Friday, 27 March 2009

Jive Talkin'

I can't stop crying. I don't know if it was that crying video I found on Videogum the other day or that I'm just a total girl or my stupid emotions are being forced out of me whether I want them to or not (not. Go AWAY emotions. Leave me here in my robot-from-the-future bliss). It was one thing to cry over Laura Roslin dying on BSG (shut up shut up, I don't care) but the Dog Trust advert and the new Children's Centres DVD that was launched at work today has also made me tear up recently. I've not been like, bawling, but I have been tearing. I think it's because the BSG finale has been on my mind so much (shut up shut up, I don't care).

Because, seriously, the BSG finale sucked ASS amirite? (I'm aware that's the nerdherdiest thing I've ever written). Here's the thing, don't spend four years telling a story of progression, of people (and cylons) becoming human (my favourite kind of story), of the journeys that have to be undertaken, of the sacrifices that have to be made, and then have it all tied up in a neat little package at the end. That's insulting. BSG has never been about neat packages and shiny surfaces. It's been dirt and sweat and blood and tears. That's why we like it, I mean, space battles ftw for sure but there's only so much excitement to be gleaned from guns and explosions. It's a lot of excitement to be fair but it is, ultimately, finite.

What made me love it was the psychology, the theology, the angels, the no-right-or-wrong. It was messy and painful. It was life. They made the last hour not about life and about tying up loose ends. Loose ends never get tied up in life, they shouldn't have been on this show. But ok, fine, it needed an ending and they gave it one. What hurts is that they gave it the worst ending of all because what the survivors learned from everything they'd been through was to start again with a clean slate. Christ. On. A. Battlestar. That is not the lesson we set out to learn on our hero's journey. Ooh, this hasn't gone very well, can I just cash in my chips and start over? No, no, and no again. You cannot do that. That is not how it works. All of this has happened before and all of this will happen again. The crucial this is that it doesn't need to, but the only way you can stop it is from accepting the past and learning from your mistakes. That means moving forwards, not backwards. Creating a future, not looking misty eyed at the past. It was basically the equivalent of The Daily Mail being put in charge of England. They're obsessed with recreating this mythical time when children obeyed their parents, the streets were safe to walk at night, there was no crime, no immigration, no drugs, no prostitution. You don't need me to tell you that this is bullshit. That what the Daily Mail yearn for NEVER EXISTED. Life is messy now and has always been messy. It will continue to be messy but it does get better. Because the future is A-L-W-A-Y-S better. But only because we continue to strive to make it better, to explore, to learn from the past. Rosa Parks making a stand, sparking a movement. Harvey Milk standing up for himself and all those like him. Intelligence, bravery, curiosity. It gets better only because we want it to get better. It doesn't get better because we pretend the bad stuff didn't happen. We've all had that feeling that I wish none of this had gone down, I wish I could just forget about it all, it's too painful but the only way we grow is to reach the other side of that. It's not about forgetting, it's not about clean slates, it's about accepting and changing.

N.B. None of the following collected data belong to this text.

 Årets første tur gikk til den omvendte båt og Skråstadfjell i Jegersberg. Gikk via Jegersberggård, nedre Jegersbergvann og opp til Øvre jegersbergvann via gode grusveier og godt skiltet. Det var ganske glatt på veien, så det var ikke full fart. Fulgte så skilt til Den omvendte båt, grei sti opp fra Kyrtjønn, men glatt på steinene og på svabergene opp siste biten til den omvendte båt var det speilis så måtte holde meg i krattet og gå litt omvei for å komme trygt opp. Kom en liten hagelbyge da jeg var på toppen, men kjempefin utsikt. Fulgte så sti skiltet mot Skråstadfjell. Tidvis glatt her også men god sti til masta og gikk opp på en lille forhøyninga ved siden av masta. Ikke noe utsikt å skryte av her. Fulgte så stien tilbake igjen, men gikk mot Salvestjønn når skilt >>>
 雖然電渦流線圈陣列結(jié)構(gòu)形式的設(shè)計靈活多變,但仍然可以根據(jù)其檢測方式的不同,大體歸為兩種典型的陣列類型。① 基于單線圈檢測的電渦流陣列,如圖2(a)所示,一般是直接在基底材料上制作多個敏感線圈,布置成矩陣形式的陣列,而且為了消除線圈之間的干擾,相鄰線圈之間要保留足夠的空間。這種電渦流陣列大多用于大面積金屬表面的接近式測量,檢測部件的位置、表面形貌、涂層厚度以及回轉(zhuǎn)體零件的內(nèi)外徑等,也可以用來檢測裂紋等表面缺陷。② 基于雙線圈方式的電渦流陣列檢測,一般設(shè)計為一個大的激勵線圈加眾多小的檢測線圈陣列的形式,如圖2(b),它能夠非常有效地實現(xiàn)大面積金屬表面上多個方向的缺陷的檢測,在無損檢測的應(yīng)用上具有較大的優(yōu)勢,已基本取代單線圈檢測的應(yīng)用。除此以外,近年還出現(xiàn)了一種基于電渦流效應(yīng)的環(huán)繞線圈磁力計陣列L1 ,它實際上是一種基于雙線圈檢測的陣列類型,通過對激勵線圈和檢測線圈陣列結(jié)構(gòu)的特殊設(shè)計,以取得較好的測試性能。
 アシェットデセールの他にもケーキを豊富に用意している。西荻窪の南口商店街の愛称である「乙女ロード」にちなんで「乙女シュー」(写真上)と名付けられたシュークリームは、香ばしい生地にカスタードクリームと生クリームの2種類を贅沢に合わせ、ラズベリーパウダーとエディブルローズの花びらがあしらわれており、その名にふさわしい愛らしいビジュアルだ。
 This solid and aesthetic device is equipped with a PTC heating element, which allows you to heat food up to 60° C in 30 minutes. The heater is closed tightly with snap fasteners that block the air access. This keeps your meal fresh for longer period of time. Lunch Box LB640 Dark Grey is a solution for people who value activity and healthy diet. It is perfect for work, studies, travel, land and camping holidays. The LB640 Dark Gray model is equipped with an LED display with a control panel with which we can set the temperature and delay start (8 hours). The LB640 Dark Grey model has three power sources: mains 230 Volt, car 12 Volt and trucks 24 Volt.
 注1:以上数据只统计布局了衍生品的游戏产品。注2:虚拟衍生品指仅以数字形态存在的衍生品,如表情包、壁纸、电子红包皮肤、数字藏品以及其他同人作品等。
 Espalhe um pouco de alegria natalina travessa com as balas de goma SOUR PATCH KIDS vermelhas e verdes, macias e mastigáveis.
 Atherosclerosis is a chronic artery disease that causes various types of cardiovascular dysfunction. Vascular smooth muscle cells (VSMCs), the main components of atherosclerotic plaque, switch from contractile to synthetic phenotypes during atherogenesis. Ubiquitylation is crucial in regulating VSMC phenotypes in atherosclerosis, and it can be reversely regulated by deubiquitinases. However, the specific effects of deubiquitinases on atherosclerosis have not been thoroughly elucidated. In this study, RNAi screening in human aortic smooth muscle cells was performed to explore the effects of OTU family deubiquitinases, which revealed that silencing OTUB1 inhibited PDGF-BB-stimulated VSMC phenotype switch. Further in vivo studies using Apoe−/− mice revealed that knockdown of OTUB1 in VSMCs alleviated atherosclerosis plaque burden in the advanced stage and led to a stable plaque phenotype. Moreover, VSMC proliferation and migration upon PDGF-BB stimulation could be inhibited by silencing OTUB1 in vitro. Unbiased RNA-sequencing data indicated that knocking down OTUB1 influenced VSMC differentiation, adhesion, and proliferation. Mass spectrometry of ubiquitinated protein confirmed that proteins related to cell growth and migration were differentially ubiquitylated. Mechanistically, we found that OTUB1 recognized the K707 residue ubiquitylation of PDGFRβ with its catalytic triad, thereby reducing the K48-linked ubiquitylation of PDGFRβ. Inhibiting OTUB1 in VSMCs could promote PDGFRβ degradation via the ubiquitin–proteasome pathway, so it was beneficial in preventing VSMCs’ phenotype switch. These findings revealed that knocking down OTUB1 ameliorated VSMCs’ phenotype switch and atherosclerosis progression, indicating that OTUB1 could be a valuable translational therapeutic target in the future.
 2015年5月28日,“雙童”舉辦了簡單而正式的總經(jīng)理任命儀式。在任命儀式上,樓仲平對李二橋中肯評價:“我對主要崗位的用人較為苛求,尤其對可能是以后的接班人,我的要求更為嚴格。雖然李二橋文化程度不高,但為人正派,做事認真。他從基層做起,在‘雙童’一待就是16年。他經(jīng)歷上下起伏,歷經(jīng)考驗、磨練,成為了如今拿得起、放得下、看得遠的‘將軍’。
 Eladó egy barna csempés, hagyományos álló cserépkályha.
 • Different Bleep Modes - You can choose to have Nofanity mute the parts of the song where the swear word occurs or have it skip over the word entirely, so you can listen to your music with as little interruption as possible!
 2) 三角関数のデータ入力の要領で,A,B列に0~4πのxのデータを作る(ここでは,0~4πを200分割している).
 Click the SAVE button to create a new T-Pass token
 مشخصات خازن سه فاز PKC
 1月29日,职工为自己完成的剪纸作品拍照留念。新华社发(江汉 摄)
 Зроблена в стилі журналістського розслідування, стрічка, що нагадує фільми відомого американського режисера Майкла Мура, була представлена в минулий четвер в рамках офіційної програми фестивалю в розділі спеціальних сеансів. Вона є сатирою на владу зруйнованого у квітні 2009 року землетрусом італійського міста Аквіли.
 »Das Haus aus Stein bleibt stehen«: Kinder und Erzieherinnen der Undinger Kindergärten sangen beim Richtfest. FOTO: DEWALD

It just feels like the writers lost their nerve. I could have come up with all that stuff. What I want from my art is something different, something I hadn't thought of, a new perspective from which to view the world. They gave me something glib, something that didn't feel talked out to all it's logical conclusions. It all seemed first, rather than final, draft. Like the Opera House vision. All of that amounted to some people walking down a corridor? That's ridonk. I've always defended the writers right to not have everything mapped out exactly from start to finish because that's what it is to write. That's the process. Added to which I think it's more creative to write yourself into a situation that seems impossible to get out of and then use your imagination and your intelligence and your bravery and your curiosity to make something even more beautiful out of it than you'd originally conceived. That's what BSG gave me time after time, except for this one time when they didn't make the brave choices. They made the easy choices.

And why set up all this Greek mythology? The zodiac, the Gods, the names of ancient heroes if it wasn't going to mean anything later? WHY BSG WHY? It bothers me is all. Not a lot though. I'm totally not a nerd. How about that sporting team that plays sports huh? Pretty sporty and shit right? (I am so right).